Marketing directors hold the budgets that sustainability managers can only dream of. At present, sustainability teams have to beg, borrow and steal from the marketing budget. One day, the roles may well be reversed. We need to find a way of bringing marketing directors into the daytime discussions, not just the dinner.
 

If I were writing next year’s summit agenda, I would strip out the single-issue deep-dive sessions (such as responsibility reporting best practice, how to engage stakeholders and the like). I would theme the conference according to global challenges. These might include paying for nature’s services, food security, land efficiency, nutritious healthy living, rural community empowerment and the explosion of emerging market corporate giants.
 

I would ask all speakers to prepare their commercial narrative about just how they plan to address these systemic issues.
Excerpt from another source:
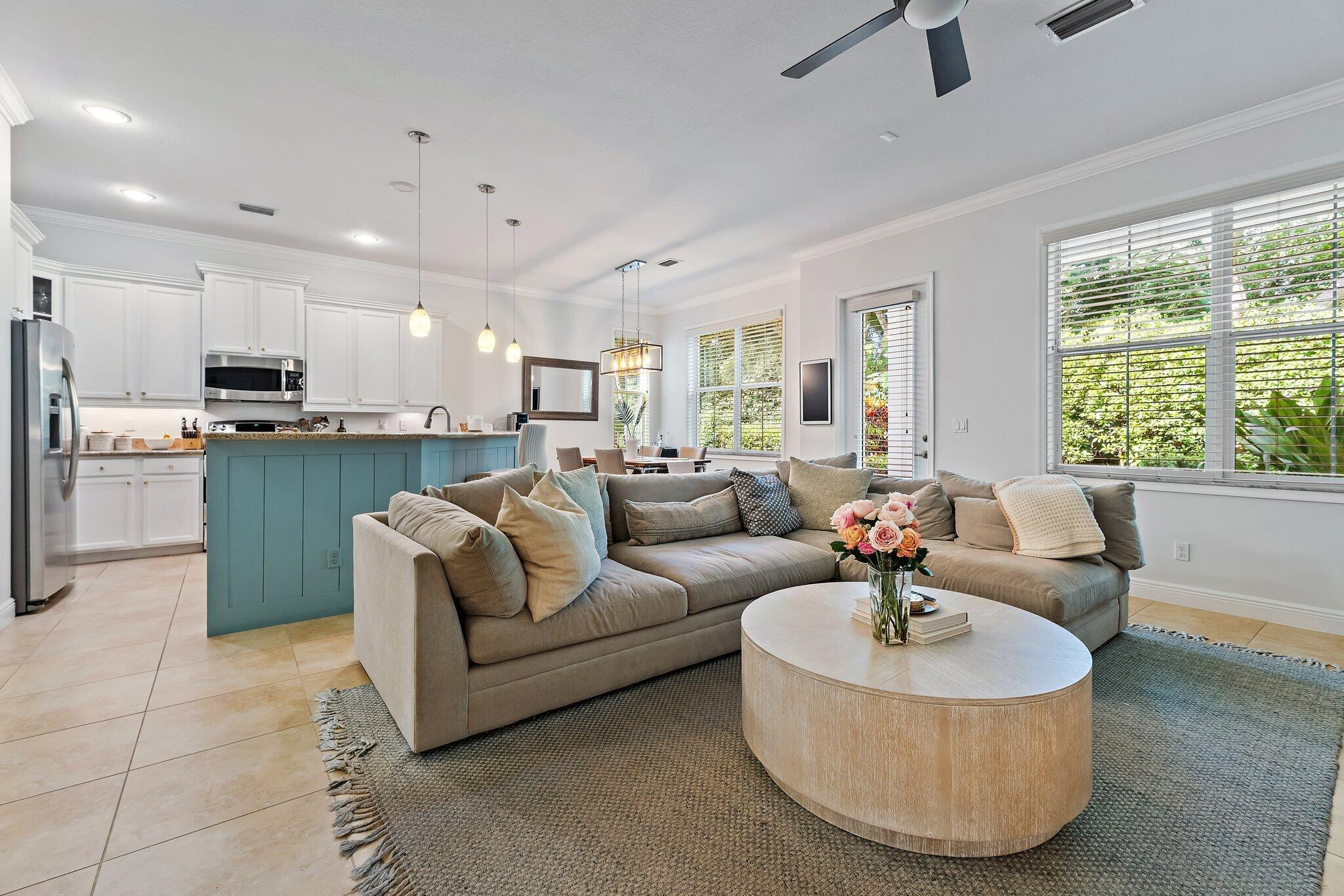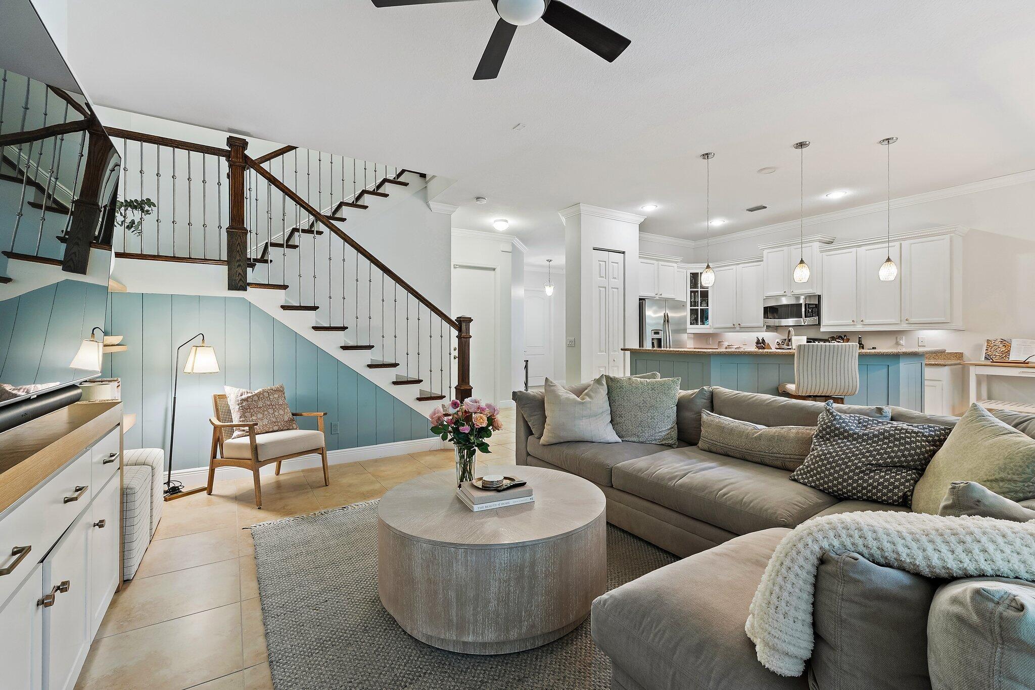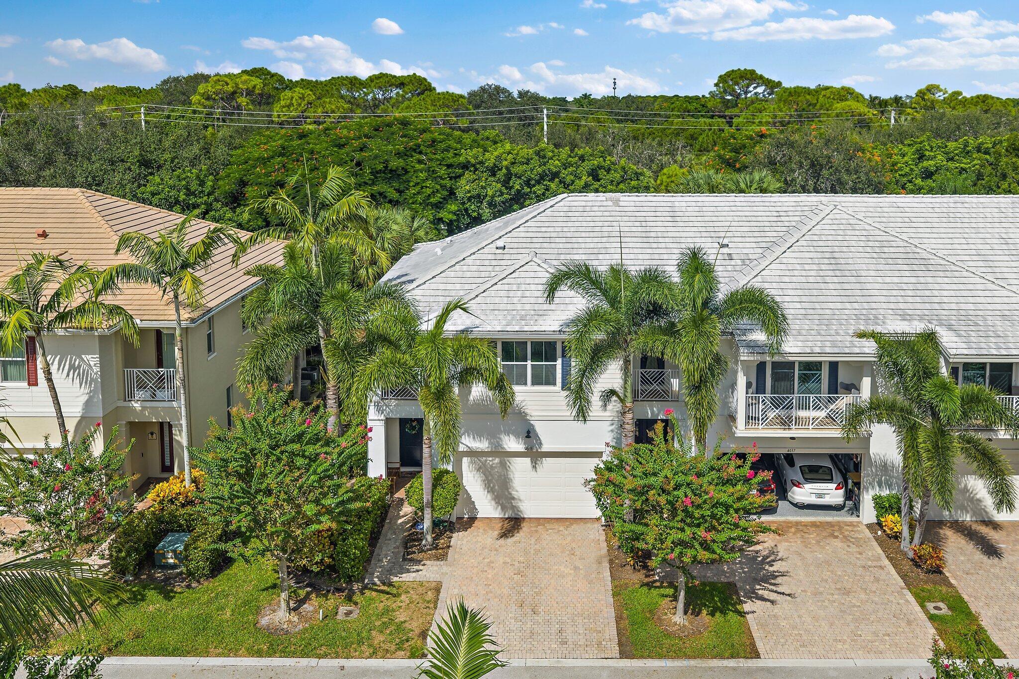 Welcome to 4033 Kingston Lane, a beautifully updated, 2 story corner townhome in the desirable gated community of Hampton Cay. This spacious residence offers 3 bedrooms, 2.5 bathrooms, a 2-car garage, and over 2100 Sf of living space, with all-impact windows and approximately $100k in upgrades. The open concept layout features tile flooring throughout the main living areas, luxury carpet upstairs, and a modern kitchen with stainless steel appliances, perfect for both everyday living and entertaining. A stunning custom built-in wall anchors the large family room, which opens to a private patio, ideal for relaxing, dining, or hosting guests. Upstairs, all bedrooms are conveniently located together, including a laundry room and the expansive primary suite with a large balcony, 2 walk-inclosets and a completely renovated bathroom featuring a soaking tub and separate glass-enclosed shower. Hampton Cay residents enjoy resort-style amenities, including a clubhouse overlooking the community lake, heated pool, hot tub, outdoor lounge, fitness center, and billiards. Cable and internet are included in the HOA. The community's prime location offers walkability to PGA Boulevard's restaurants and shops, top-rated schools, parks, tennis and pickleball courts nearby, plus quick access to I-95 and the beaches. This is the ideal home to enjoy the year-round coastal lifestyle of Palm Beach Gardens and the Palm Beaches.

In an environment where most serious businesses are now some way along the path to impact mitigation and sustainability governance, this new framing would quickly sort out new tiers of leaders and laggards.
 

There might even be some surprises about who is really thinking strategically and who is thinking more about PR than business model adaptation. I would disallow the flag waving of generic sustainability plans and insist that delegates think about their company’s intervention on these whole system issues.
 

I would engage marketing directors in this discussion. Yes, it moves them out of their comfort zone and exposes them to clusters of issues they either find boring or incomprehensible. But the job description for the communications industry is changing, whether they like it or not.
 

Conferences can play a valuable role in bridging the knowledge gaps. They can educate sustainability technicians in the hard realities of branding and consumer marketing, while showing a sector as yet unmoved by planetary survival the tools it needs to function effectively in the future.
 

The 2011 responsible business summit felt as if a mountain top had been reached. To ensure we don’t go downhill from here, we need to adapt our thinking and provide content that will give delegates not just a good profile, but access to the tools and insights that they will require for the future.
 

Brendan May is founder of the Robertsbridge Group and a contributing editor to Ethical Corporation.